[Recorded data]
----

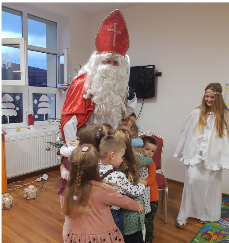
Mikuláš nezabudol ani na deti v materskej škole a zavítal poobede aj k nim. Deti poďakovali Mikulášovi za všetky deti z Pribiša úprimným objatím.
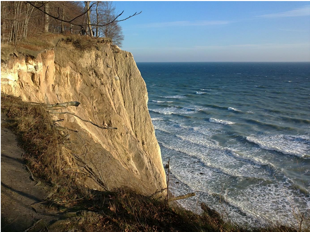
Kreideküste auf Rügen, Foto: Angela Pfennig
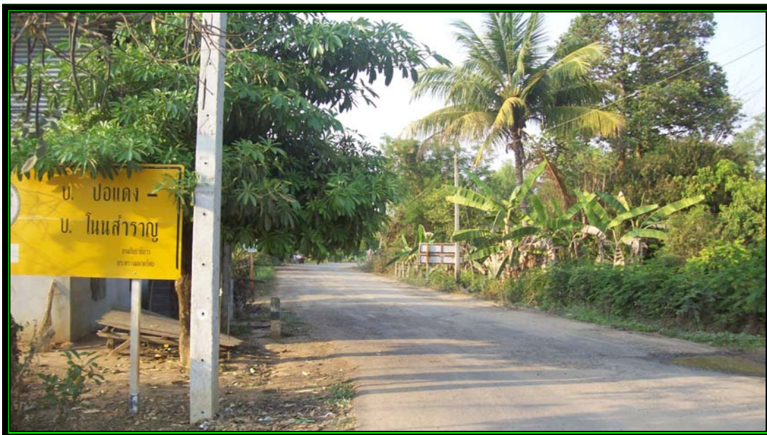
รูปที่ 2.4 สายที่ 3 คือ ถนนลาดยางสายบ้านปอแดง – บ้านโนนสำราญ - ตำบลคงพลอง
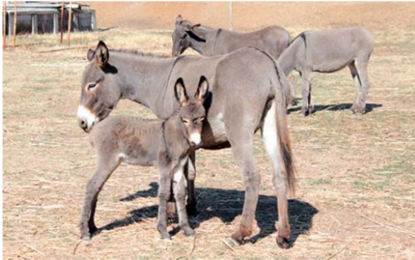
Slika 5. Istarski magarac 15

Kao oslonac za razradu projekta mogao bi poslužiti Nacionalni program očuvanja izvornih i zaštićenih pasmina domaćih životinja u Republici Hrvatskoj 14 .
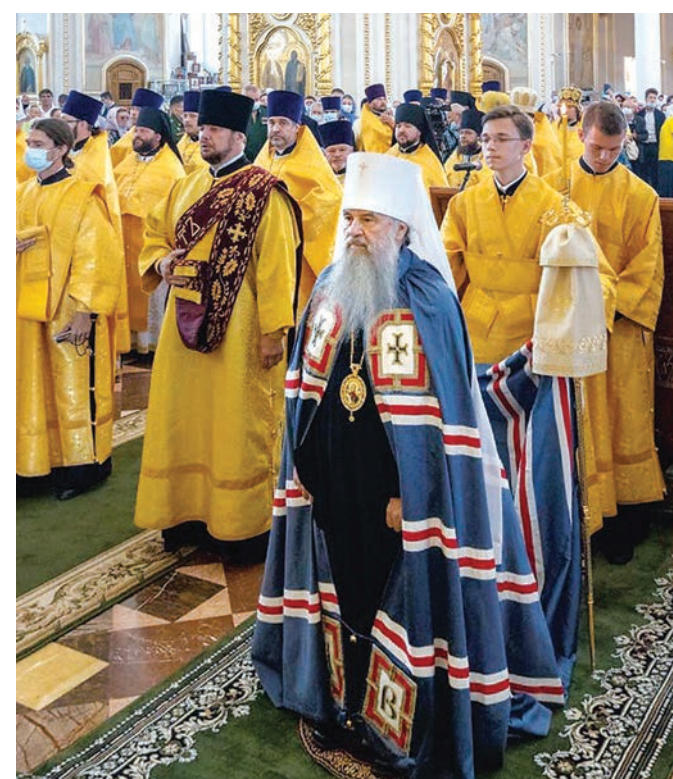
Божественная литургия в Саранске, 2021
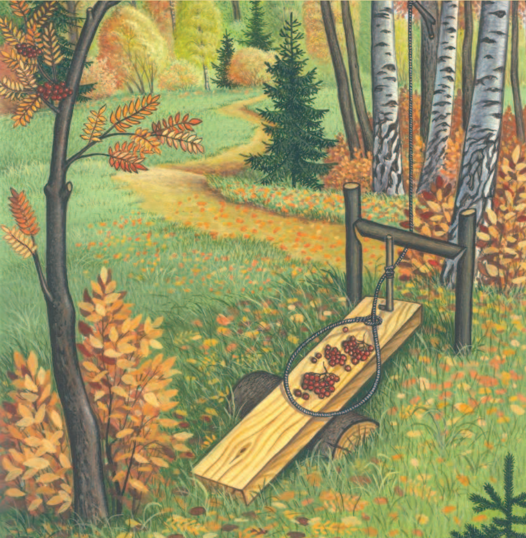
Пружок на глухаря.

инам токовища. В тех случаях, когда на току убивают всех старых глухарей (чего никогда не следует делать), молодые собираются к центру токовища и спариваются с самками. Но не все годовалые глухары становятся половозрелыми
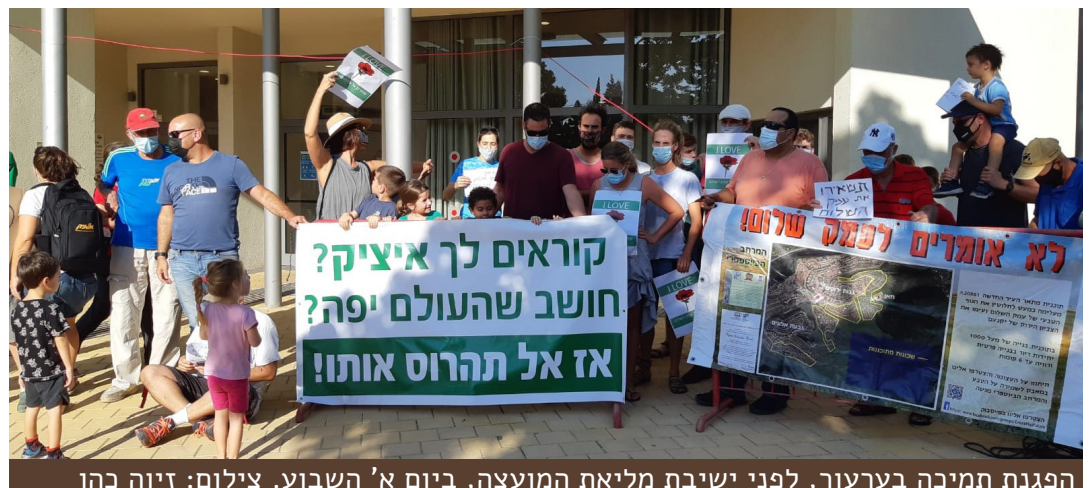
הפגנת תמיכה בערעור, לפני ישיבת מליאת המועצה, ביום א' השבוע.

לשמחתנו, העניין נודע לנו כ-10 ימים לפני הדיון המכריע בוועדת הגבולות. בהתייעצות דחופה, הוחלט בהזורע להגיש ערעור למליאת המועצה, ובפועל לכנס מליאת חירום ולדרוש הצבעה מחודשת, כאשר הכוונה לאחד את כל המועצה להתנגדות גורפת להעברת שטחים נוספים ליקנעם. לא השטחים המוצעים כעת ולא אחרים.
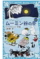
『ムーミン谷の冬』 トベ・ヤツリ 講談社
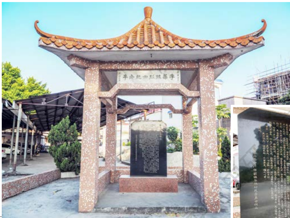
李华照烈士纪念亭、纪念碑正面全景
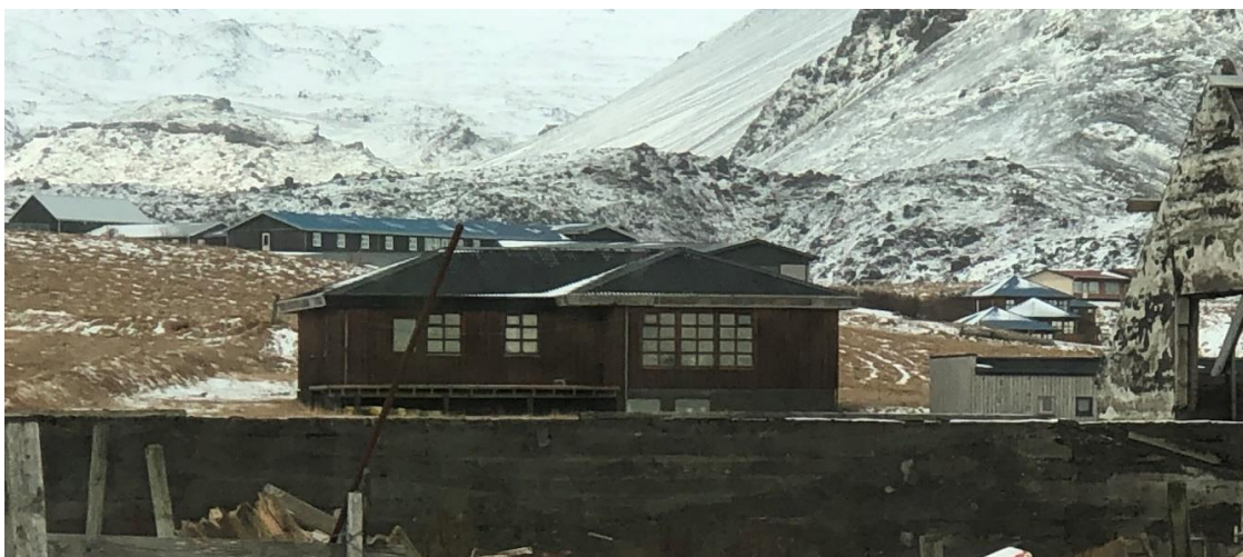
Íbúðarhús og tvö gestahús að Ökrum 2
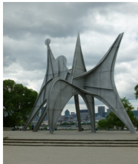
L'homme, 1967, Montréal, sculpture stable, acier inoxydable et boulons, 20m
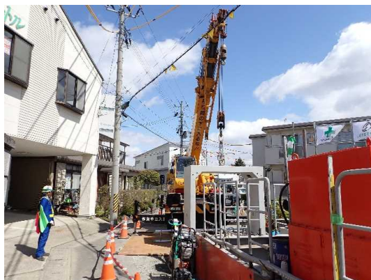
ボックスカバート布設状況
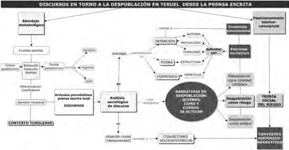
Figura 1. Abordaje metodológico y posicionamiento teórico-conceptual

turolese, nos animó a focalizar nuestro estudio en esta provincia que se conformaba como un adecuado escenario de análisis, de hecho algunos investigadores la habían calificado como "uno de los paradigmas de los procesos de despoblación para los investigadores de todo el mundo" (Escalona, El Periódico de Aragón , 5/4/2003) 2 . Ciertamente este territorio es uno de los que está testimoniando (junto a otras zonas del interior peninsular español) uno de los procesos mayores de vaciamiento demográfico en el contexto europeo desde los años 50 del siglo pasado. Igualmente se ha ceñido el objeto de nuestro análisis central al periodo 2008-2015 por ser definido por los actores sociales como de "crisis demográfica"; estaríamos ante un punto de inflexión, que no obstante muestra continuidades en la historia reciente del relato de la despoblación.
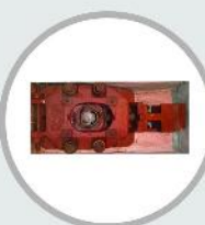
سیستم اسلاید گیت
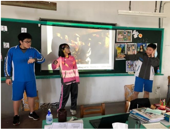
學生體會巴洛克作品中的情感表達
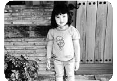
> Goizederrek apirilaren 3an 6 urte bete zituen. Zorionak eta besarkada potolo-potolo bat gure Zengotiko printzesia, etxeko danon partez.
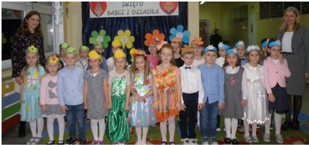
Dzień Babci i Dziadka świętowany w grupie 0a (opiekun p.M.Dopierała)

----

- **Work to complete**
Although pictures appear among the entries, please set down only the lines from the one with "Kao oslonac za" up to and including the one with "הפגנת תמיכה בערעור, לפני", word for word.

- **Written solution**
Kao oslonac za razradu projekta mogao bi poslužiti Nacionalni program očuvanja izvornih i zaštićenih pasmina domaćih životinja u Republici Hrvatskoj 14 .
Божественная литургия в Саранске, 2021
Пружок на глухаря.

инам токовища. В тех случаях, когда на току убивают всех старых глухарей (чего никогда не следует делать), молодые собираются к центру токовища и спариваются с самками. Но не все годовалые глухары становятся половозрелыми
הפגנת תמיכה בערעור, לפני ישיבת מליאת המועצה, ביום א' השבוע.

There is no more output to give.